That was based on some examples from DiveIntoPython book

WEB APPS THAT WORTH A TRY

I was google addicted, I used gmail drafts as bookmarks and todo tasks, I used google calendar for any little appointment and I always consider it too much complicated to manage simple scheduler there.

So pointing the problems I had centralizing everything in Google account, I tried a lot of web apps.

Finally I think I've find the perfect set of web tools to rely on


.net

Blogging and snippeting

I am not sure the word "snippeting" really exists, if not, I just invented. Programmers are always snippeting somewhere and there are a lot of tools over the web for doing this. gist, pastebin, paster and others. In 2009 I came through Snipt.net, at that time this already was an excellent tool and also I knew it was made with Python. Sometime ago @nick opened the source code and created a brand new snipt.net.

This is the platform tht powers this blog you are reading, also this is a snippet repository.
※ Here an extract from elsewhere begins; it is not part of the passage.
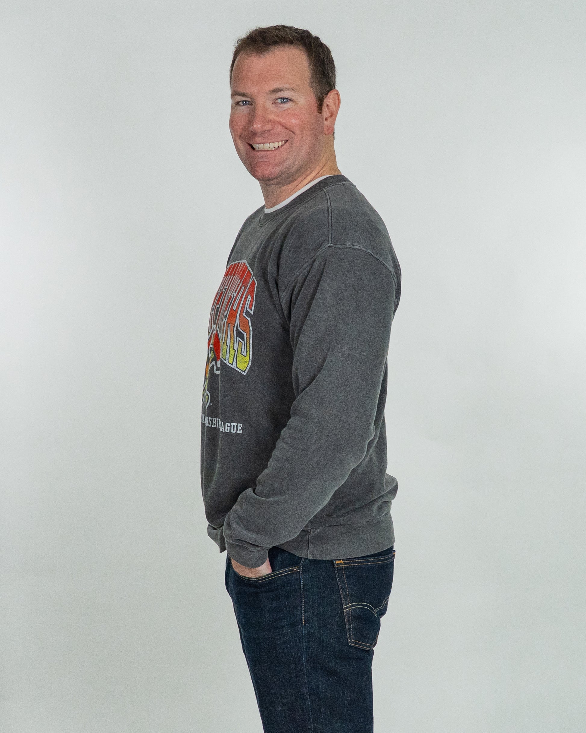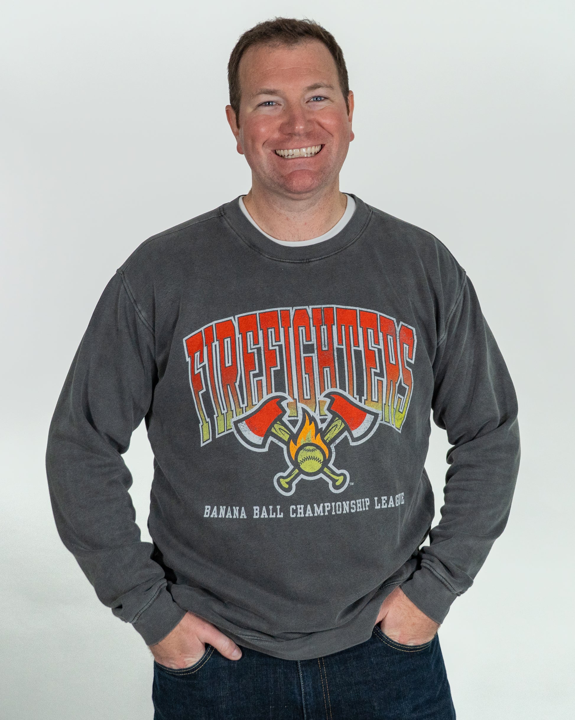 Heat up your holiday wardrobe with this cozy crewneck! From game days to holiday hangs, the Firefighters Blue84 Kicking It Crew brings the heat!

It has a very good API and a web editor codemirror which supports almost every language in the world (even Brainfuck) and also as every good app wih an API it already has google chrome plugin for instant snippeting and also a plugin for the amazing Sublime text 2 - You can blog and create snippets from your prefered code editor.

  • Blogging
    • Create a snippet, choose markdown as syntax, mark as public/blog post and done!
  • Snippeting
    • from web using codemirror, from Chrome selecting a text, right click send to snipt or using the snipt.net addon, from Sublime text, select a text and send to snipt, also you can sync your sublime snipts with snipt.net. (note: the sublime plugin is under development)
things I really like in snipt.net
  • It is fast and has a nice UX
  • Chrome addon for blogging/snippeting
  • Sublime Text plugin (which I am trying to improve)
  • The "snipt" based configuration for blog
  • Amazing support

Ok, shut up and take my money! well, snipt.net is free, go there and create your account, Although, @nick is creating a lot of new features and improvements and to support his work you can sign-up for a PRO account (only $4 month or $40 year) - You will have a new PRO theme for blog soon, a very nice support and you will be able to use your own domain.
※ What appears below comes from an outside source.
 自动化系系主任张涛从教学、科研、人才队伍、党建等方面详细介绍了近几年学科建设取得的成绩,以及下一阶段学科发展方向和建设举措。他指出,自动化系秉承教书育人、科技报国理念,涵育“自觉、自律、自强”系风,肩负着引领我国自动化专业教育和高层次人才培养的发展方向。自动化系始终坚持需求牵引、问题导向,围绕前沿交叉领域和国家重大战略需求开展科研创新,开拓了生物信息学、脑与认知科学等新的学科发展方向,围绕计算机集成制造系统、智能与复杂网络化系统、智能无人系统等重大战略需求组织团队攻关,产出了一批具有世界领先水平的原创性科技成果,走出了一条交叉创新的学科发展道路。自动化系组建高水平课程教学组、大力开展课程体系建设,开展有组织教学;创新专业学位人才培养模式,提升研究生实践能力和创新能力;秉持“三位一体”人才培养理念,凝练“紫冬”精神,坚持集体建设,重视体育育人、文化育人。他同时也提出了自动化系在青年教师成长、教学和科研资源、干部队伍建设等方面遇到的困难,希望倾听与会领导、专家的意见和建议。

Trust me, you can put your $40/year on this Snipt.net/PRO

things I would like too see on snipt soon
  • Android/iOS apps
  • Create snippets via e-mail
  • Better Sublime-Text integration
  • A Python command line client, maybe integrated with iPython
  • Better blog options (snipt based configs) for theme, header, footer, widgets etc.
  • Better search
  • RSS feeds for specific tags
  • Flat pages

You can support @nick to develop all those great things, go there and purchase your PRO account!


The Pinterest for Bookmarks!

I also tried to use many tools for bookmarking, it always turns in to a hell. Delicious and its bad UX, ZooTool and its extremally fat UX, also the Chrome sync and firefox bookmarks did not help me.

So I found KIPPT. This is the Pinterest for bookmarks, you can use the addon on your browser, you can use the API or you can keep items directly on web interface.

The web interface is perfect! clean, easy to use and understand and it is a Pinterest like feed of links you want to keep, Also it has social features, you can share the links, you can follow people and their link feeds, you can comment and like links keeped by your friends. You can create shared collections so you allowed friends can manage links on that collection. It is fully integrated with your twitter favorites, github starred repositories and another APIs. It has Android and iOs apps.

Found an interesting link? Go the and Kippt

The only thing I am missing is the ability to read my mind. it would be better if I can think Keep this link on my Read Later list and so it automagically keeps it, But it is under development :)


Calendar finally is easy!

Do you really use Google Calendar? Do you always remember about appointments created there? For me Google Calandar is too much. So I want a place where I can just drop an email with the subject tomorrow 9am meeting, or I can send an IM using my Gtalk 15/07/2012 10pm watch the final episose of my favourite program or you can do it in a clean web interface.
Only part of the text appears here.